The self-focus is particularly significant, because it predisposes
the child to defining things to matter that will leave normal people
unfazed.
 Autism is logical... often too logical. A compelling semiotic
paradigm explains it nicely. And autism, like schizophrenia, with the
right understanding, can be negotiated.
 Or let's put this another way. Imitation, as pragmatism, also plays
an important part in how we define the things that matter. An extreme
family context informs the schizophrenic of extreme assumptions that
matter and this wires their neuroplastic brain. Things might appear
fine within the family context, but when they try to connect with the
wider culture, that's when serious problems arise with the cognitive
dissonance of the schizophrenic. Rockstar psychologist Jordan
Peterson observed that behavioral oddities are detected by the wider
culture, the schizophrenic/autistic is excluded by the majority, and
the isolation feeds isolation to snowball into a logical way of
thinking that is utterly incomprehensible to the "well-adjusted".

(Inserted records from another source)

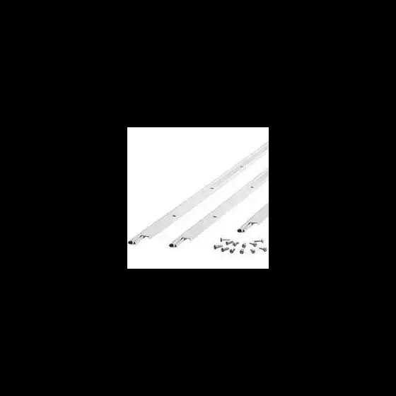 Made of aluminum and vinyl. Nail fasteners for wood frame doors, screw fasteners for wood or steel frame doors. Fasteners included. Install on doorstop. Slotted fastener holes provide easy installation and adjustment. Includes 3 pieces.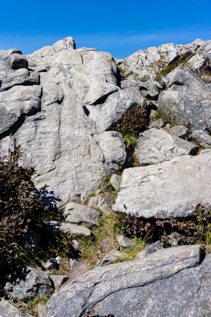 I am not 100% confident of which trail we hiked in the area. I think we set out on the Rhododendron Trail, but the social and pony trails make way-finding a little difficult. Fortunately, we could see for miles and navigate where we wanted to go. We exited the state park into the neighboring Mount Rogers National Recreation Area and climbed a nearby unnamed (?) peak, following blue blazes. Overall, we covered a little over three miles in our trek.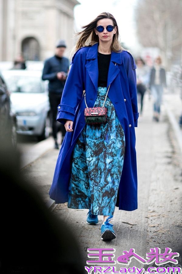 蓝色能给人带来一种贵气。而剪裁利落的大衣加入浓郁艳丽色调更显独特气质,增白减龄的效果也是杠杠的!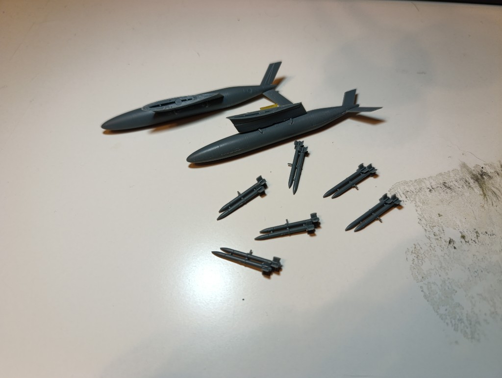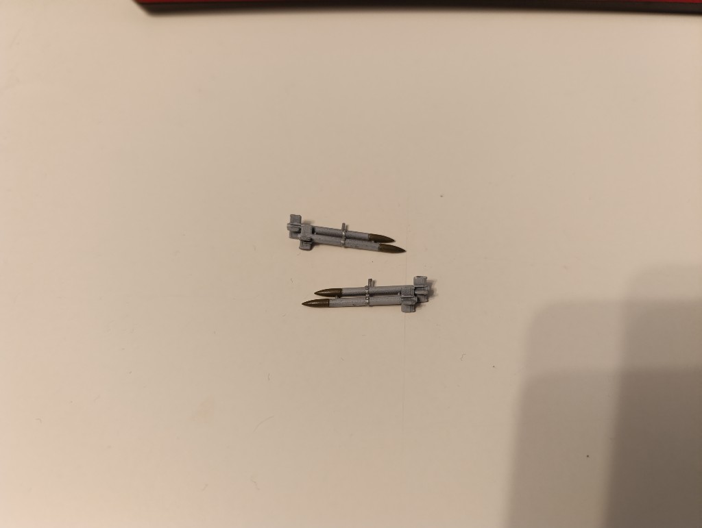 Anhängelast ist auch soweit bereit, konkret die beiden schon gezeigten Zusatztanks, aber auch die HVAR Luft-Boden-Raketen sind ausgeschnitten und zusammengesetzt.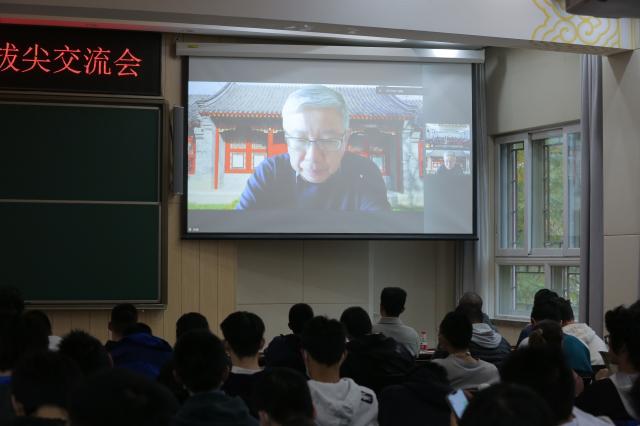 田刚院士致开幕辞。他指出,北大数学拥有丰富的人才培养经验及不断壮大的师资队伍,科研上很多方向也都达到了世界先进水平。拔尖计划交流会为基础数学方向的师生提供了面对面交流的平台,意在让同学们充分了解北大基础数学方向的研究成果与研究前沿,拓宽专业视野,助力大家的方向选择和学业发展。田刚为本科生提出了两点建议:一是在充分感受后,主动依据兴趣选择适合自己的研究方向,并为之锲而不舍地努力;二是多独立思考,在学习前人的研究成果后,多思考其背后的缘由,在此基础上获得独到的见解,这样自我水平才能得到提升。

 Neural plasticity is an integral part of this narrative, because the
functional specializations in the brain (how the brain wires itself)

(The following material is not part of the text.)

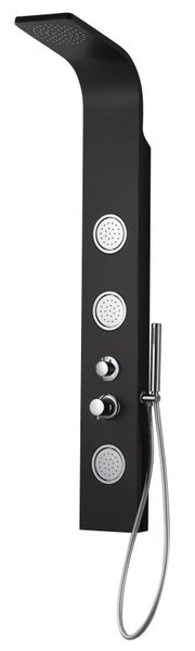Wellness in Ihrer Dusche ist jetzt einfach realisierbar! Dieses Duschsystem kombiniert modernes, ansprechendes Design mit höchster Funktionalität. e Duschsäule aus schwarzem Aluminium verfügt über eine integrierte Kopfbrause, eine flexible Handbrause sowie drei Massagedüsen für eine entspannende Rückenmassage. Dank der praktischen Bedienknöpfe lassen sich die Wasserintensität und Temperatur leicht regulieren. Mit dieser multifunktionalen Duschsäule genießen Sie Wellness direkt zu Hause, während das moderne, schlanke Design jedes Badezimmer optisch aufwertet. Die Säule ist mit einer Höhe von 155 cm und einer Breite von 21 cm ideal für alle Standardduschen.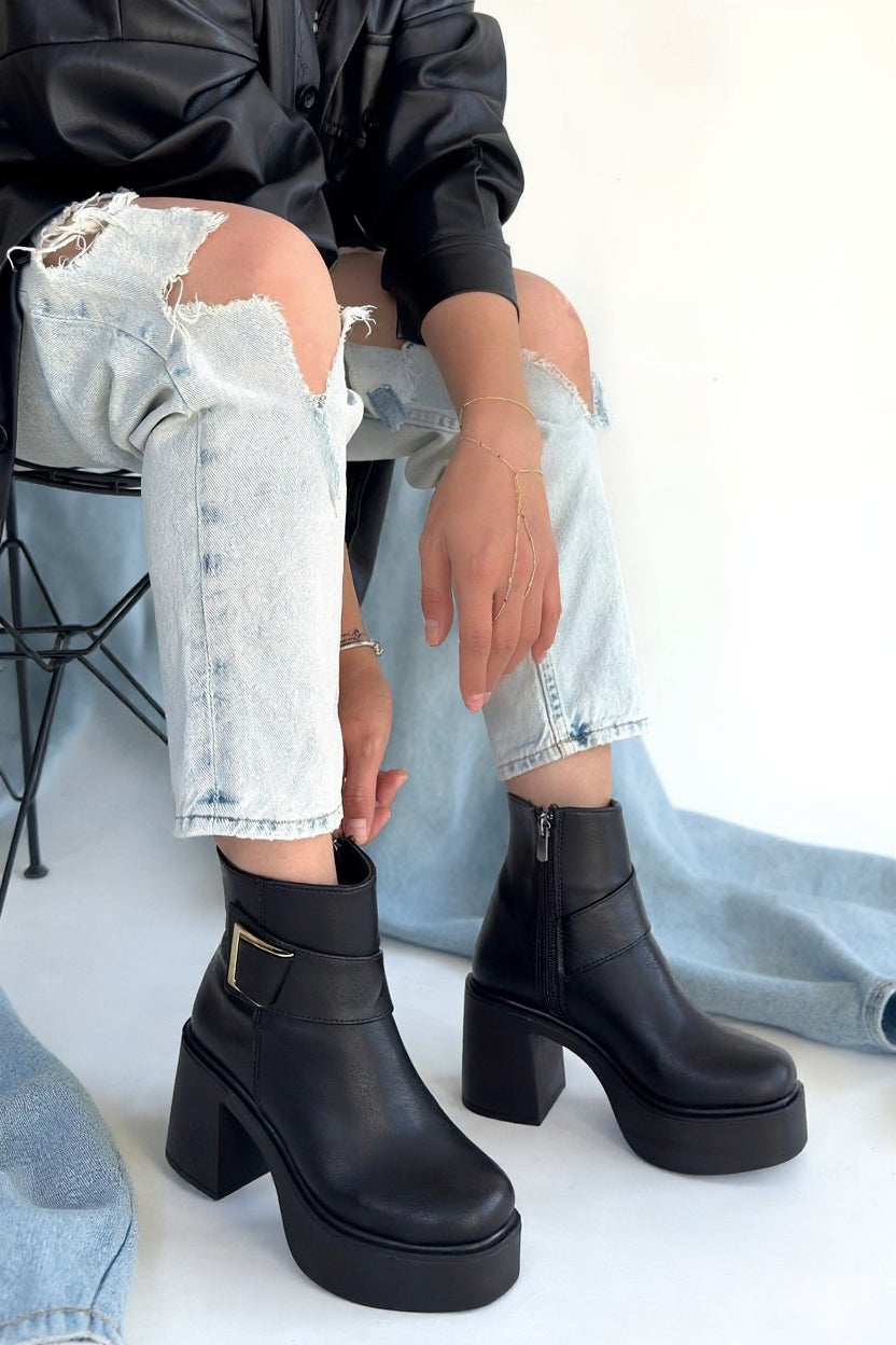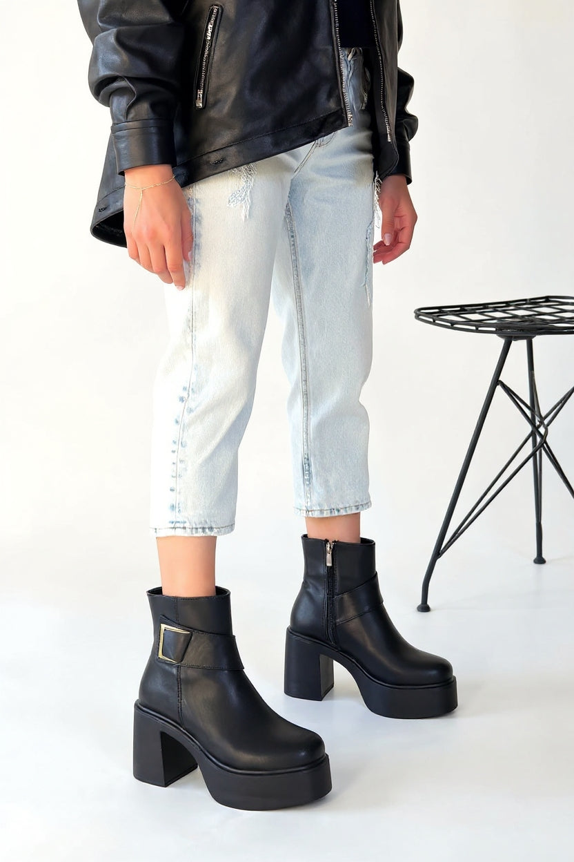 Lonji Kadın Siyah Tokalı Topuklu Bot

relies on the experiences with which the autistic/schizophrenic
interfaces. Their dysfunction does not come from "circuitry" or
genes. It relies on how experience wires the brain (Norman Doidge,
The Brain That Changes Itself, 2007).
 Imitation addresses the entropy problem. Imitation is knowing how to
be. Imitation is survival. Get your imitation wrong, and it might kill
you.
 Regards
 From: Auke van Breemen [a.bree...@chello.nl]
 Sent: Thursday, February 21, 2019 9:34 AM
 To: 'Peirce-L'
 Subject: RE: [PEIRCE-L] Imitation as pragmatism and solution to
entropy problem
 List,
 Jerry reminded me of:
 The dress of an attendee by a diner caught fire.
 Herbert Peirce, a brother, jumped up immediately and extinguished
the fire
 as it ought to be done. Afterwards Charles asked him how he could
have been
 so quick and adequate in his response. Herbert answered:
 [. . . ] he told me that since Mrs. Longfellow's death,
 it was that he had often run over in imagination all the details of
 what ought to be done in such an emergency. It was a striking
 example of a real habit produced by exercises in the imagination.
 CP. 5.487, in the footnote.(See also CP 5.538.)
 Note that starting the exercises in the imagination supposes a value
 judgment to the extent that a person on fire is an unwholesome state
of affairs
 which ought to be repaired.
 Now, imagine you are responsible for a child with autism. The
question I raise is the following:
 Is there a difference in the way you try to establish contact and
teach that depends on the hypothesis you work with?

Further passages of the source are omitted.